Stephen and Ayesha Curry & Joe Biden
The NBA power couple sat down with their daughters over the summer to discuss the importance of getting out to vote for Biden, then the Democratic presidential nominee. The parents asked their daughters what they cared about and what they knew about the role presidents play in shaping policy. Riley, the Currys' older daughter, seemed particularly interested in environmental issues, while younger daughter Ryan provided mostly comic relief.
Megan Rapinoe & Elizabeth Warren
The two-time World Cup champion chatted on the phone with Warren early in the Democratic primary season. Rapinoe greeted the senator as "Elizabeth" and then quickly corrected herself saying, "Oh my gosh, I can't even call you by your first name, that's so inappropriate" — but Warren seemed to enjoy it, quipping "No it's not inappropriate! It's exactly right!" in response. The two discussed Warren's presidential platform as well as Rapinoe's leadership as a captain of the U.S. Women's National Team. "You both lead your team on the field, but you also help lead America off the field," Warren said.

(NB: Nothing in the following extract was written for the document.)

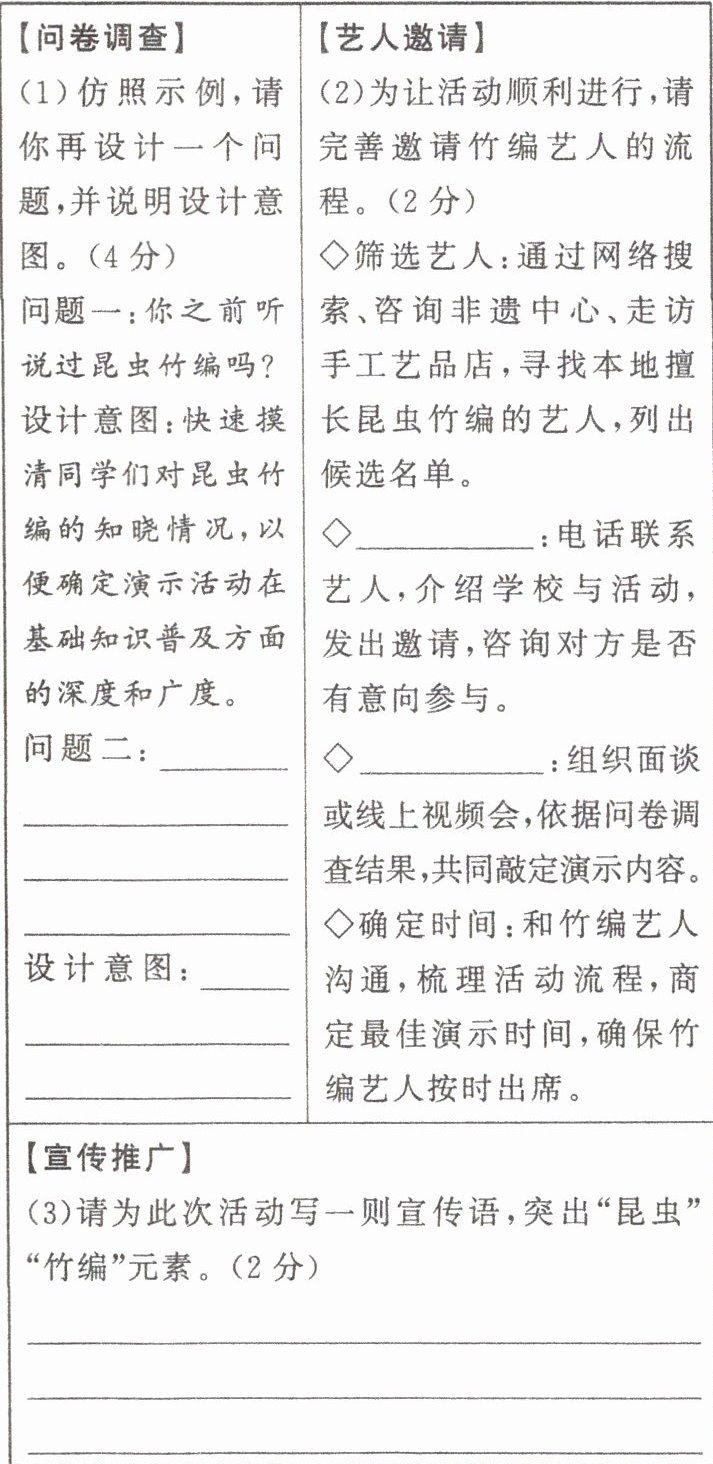 如图所示,竹编这项传统技艺常常巧妙融入昆虫元素,编织出各式各样的昆虫造型,展现其独特魅力。学校拟举办昆虫竹编技艺演示活动,请你完善活动的准备事宜。

Jack White & Bernie Sanders
The White Stripes namesake performed in Detroit in October 2019, telling the audience that Sanders was the real deal. "Bernie Sanders is telling the truth, and I really do trust him," White said. White has not gotten involved in previous presidential races or made public endorsements, but decided to support Sanders, saying it was primarily because Sanders supported abolishing the Electoral College, which White said "I think is the reason we're in the mess right now."

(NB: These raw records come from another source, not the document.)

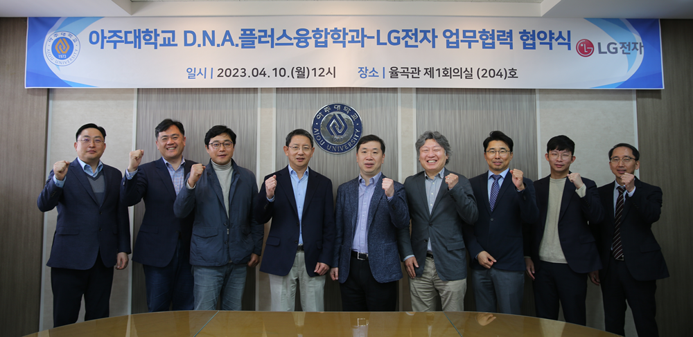 아주대 국토교통 DNA+ 융합기술대학원과 LG전자 VS사업본부가 10일 아주대 율곡관에서 ‘LG전자 DNA+ 융합 트랙’ 신설 운영 협약을 체결했다. 사진=아주대 제공 |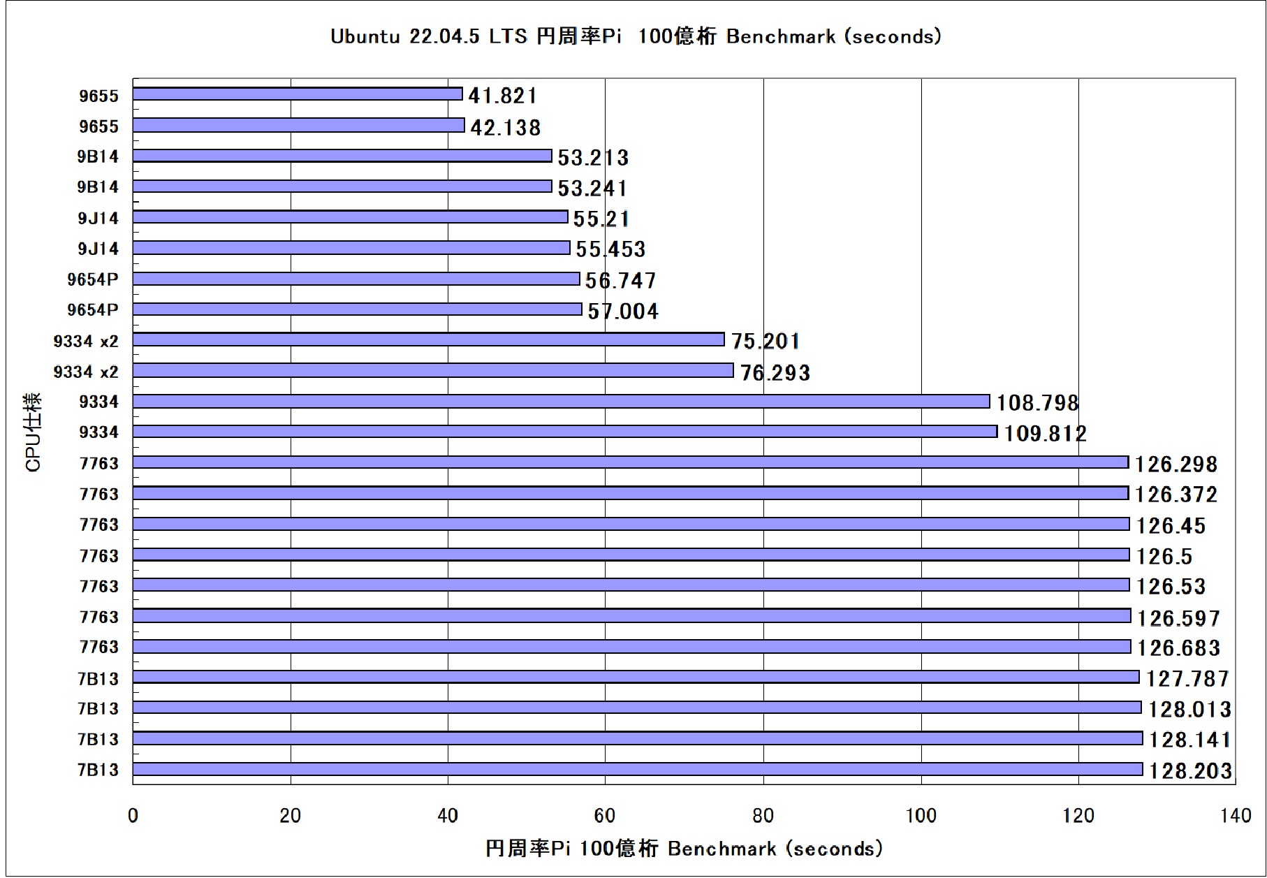 ←小さいほど短時間 AMD EPYC 9655 96-Core Processr 192Threads 2.6GHZ AMD EPYC 9334 32-Core Processr 64Thread 2.7GHZ AMD EPYC 7763 64-Core Processor 128Threads 2.4GHZ AMD EPYC 7B13 64-Core Processor 128Threads 2.2GHZ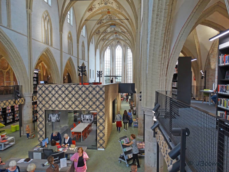 29-07-2017 De Broederenkerk gebouwd in 1293 is al jaren, sinds 1983, nou ja, ongeveer 1/33 van de leeftijd van de kerk, de bibliotheek van Zutphen, na een opknapbeurt ziet de bieb er zo uit.

He continued: "I have this silly notion that the more Americans that vote for somebody, that person should be president. Isn't that kind of funny?" White wasn't the only indie rocker to back Sanders, with The Strokes, Bon Iver, and Vampire Weekend all playing shows in support of the Vermont senator during the primary season. Rapper Killer Mike, one half of the duo Run the Jewels, also famously supported Sanders in 2016 as well as 2020.